Gift of the Hong Fook Company. (7-1/2" x 5"). C.91.222.
The Hong Fook Company is a Chinese import company owned and operated by Chinese Americans in Philadelphia's Chinatown.

 


Wine Press image.Wine Press (early 1900s).
Gift of Alfred & Robert Acquarole.
(19-1/2" x 17-1/2" x 11"). IT.87.231.
The donors' father and grandfather, Pasquale Aquarole, used this press to make wine each year. A carpenter before coming to the United States from Pascara, Italy, he made the wooden parts of the press himself. (The funnel-shaped piece fit on top of the barrel.) At age 21 he returned to Italy to marry and in 1900 brought his eighteen-year-old wife, Adeline Delores Polandri, from Gulnova to live in America. 

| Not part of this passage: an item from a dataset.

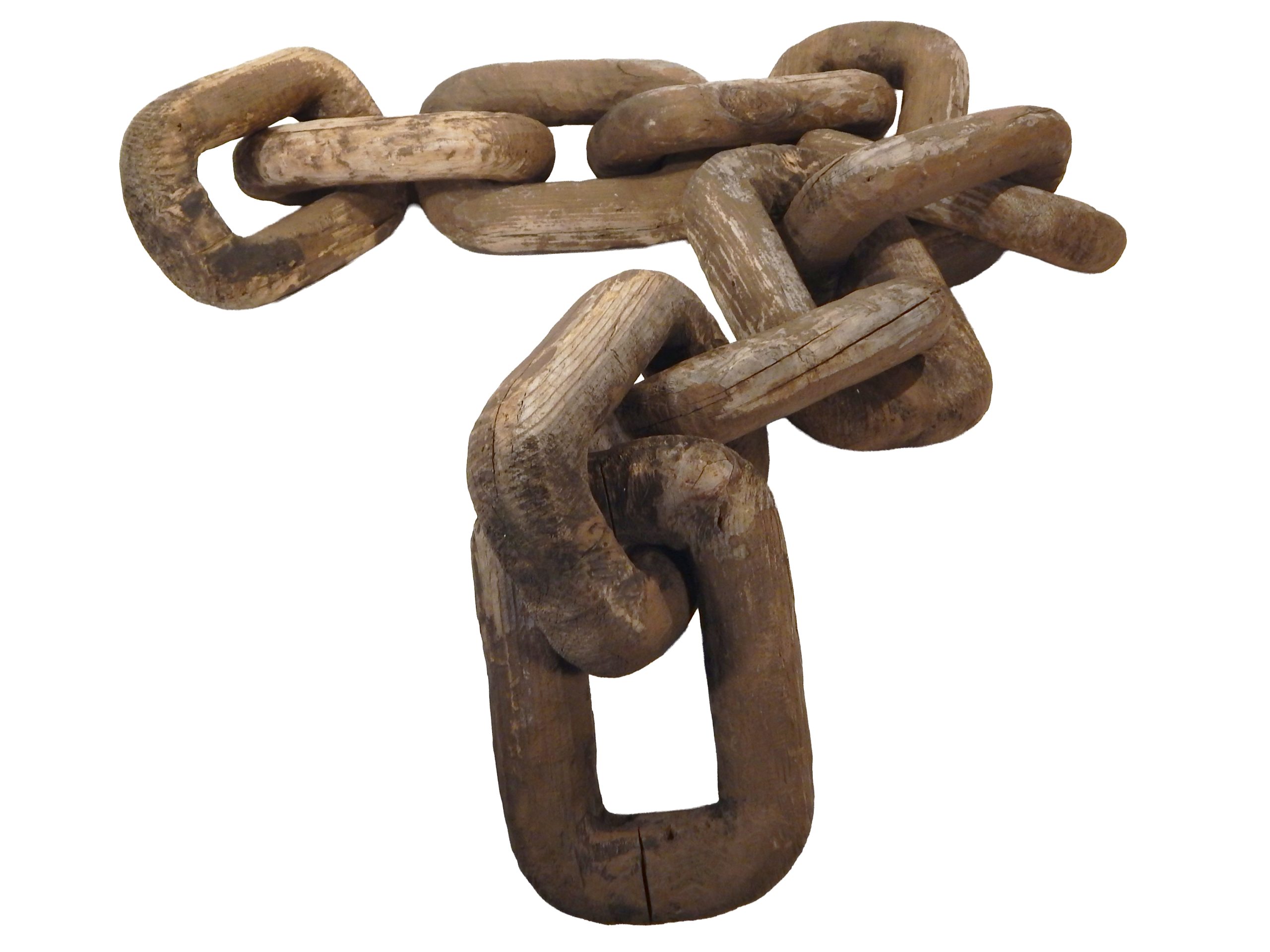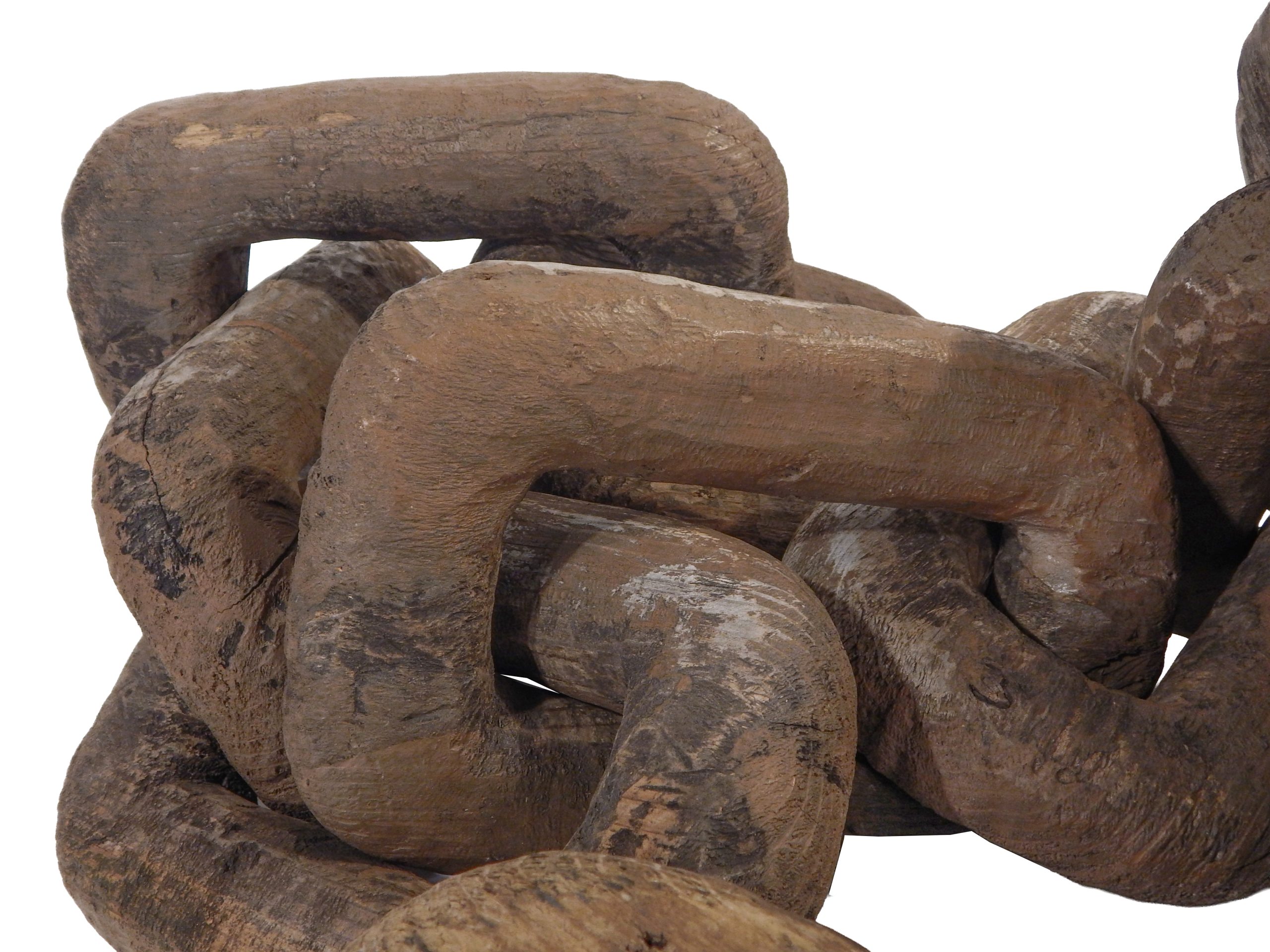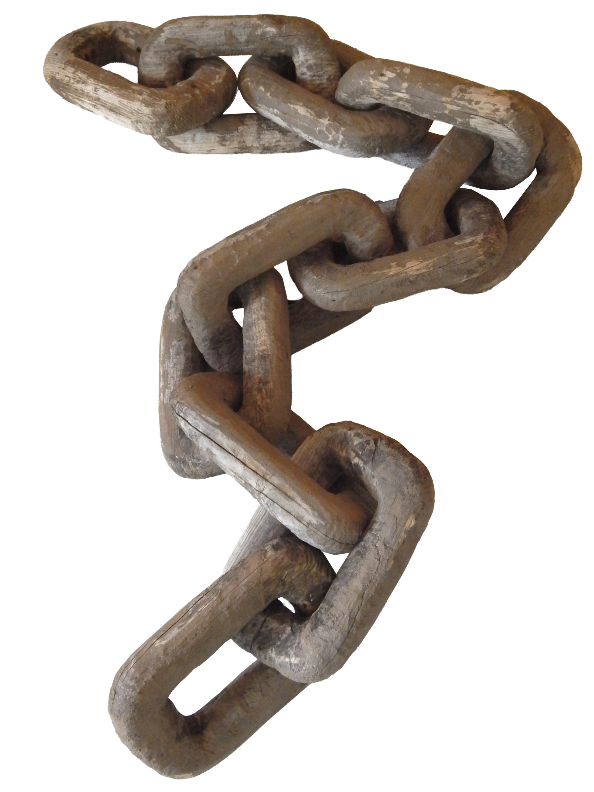 Very Large, 20th Century Wooden Chain Carved from a Single Piece of Wood with Distressed Dark Stain
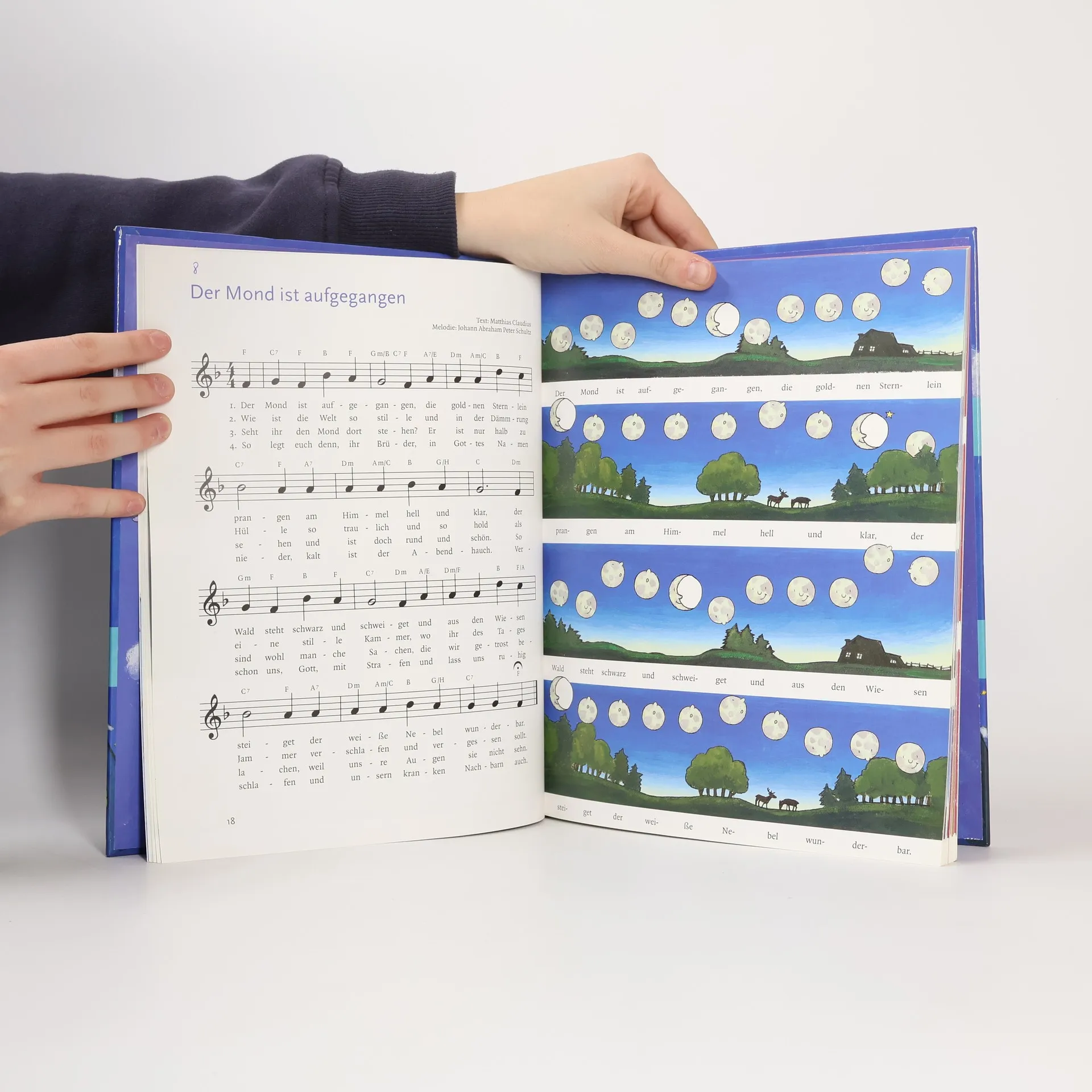 Von Siebenschläfern, Sandmännchen und schlafenden Wäldern: Traumhafte Gutenachtlieder mit Bildernoten. 31 große Farbtafeln und zahlreiche Vignetten mit einfachen Notensätzen und Gitarrengriffen. Alle Eltern kennen das: Immer wenn Kinder schlafen sollen, sind sie überhaupt nicht müde. Es ist für sie sehr beruhigend, wenn Eltern ihnen dann ein Gutenachtlied vorsingen. Dieses Liederbuch enthält die schönsten und bekanntesten Schlaflieder, dazu moderne Lieder von Fredrik Vahle, Bernd Kohlhepp und Jürgen Treyz, Dorothée Kreusch-Jacob u. a. Die farbenfrohen Bildernoten laden zum Schauen ein, denn dank der lustigen Figuren lassen sich die Melodien spielerisch verfolgen. Mitsingen wird kinderleicht – für Kinder und Erwachsene. Aus dem Inhalt: Abendstille • Aber heidschi, bum beidschi • Ade zur guten Nacht • Das Sandmännchen ist da • Die Blümelein, sie schlafen • Guten Abend, gut’ Nacht • Guter Mond, du gehst so stille • La-le-lu • Müde bin ich, geh zur Ruh • Sultans Schlummerlied • Zauberlied gegen böse Träume und viele andere.

Poppy seed grinder image.Poppy seed grinder (c. 1900).
Gift of the Reverend Francis Lendacky.
(8" x 6" x 5"). S.83.70.
Poppy seeds, in both whole and ground form, are an important ingredient in traditional Slovak cooking and baking. This grinder was used at the turn of the century by the donor's grandmother.


Indonesian herb and coconut grinders image.Indonesian herb and coconut grinders.
Gift of Fred Boogard.
(3-3/4" x 6-7/8") IN.84.70; and (3/8" x 14-3/8" x 3/4") IN.84.71.
These tools were used to grind herbs and coconut, both essential ingredients in Indonesian cuisine. The donor probably acquired them while traveling in Indonesia.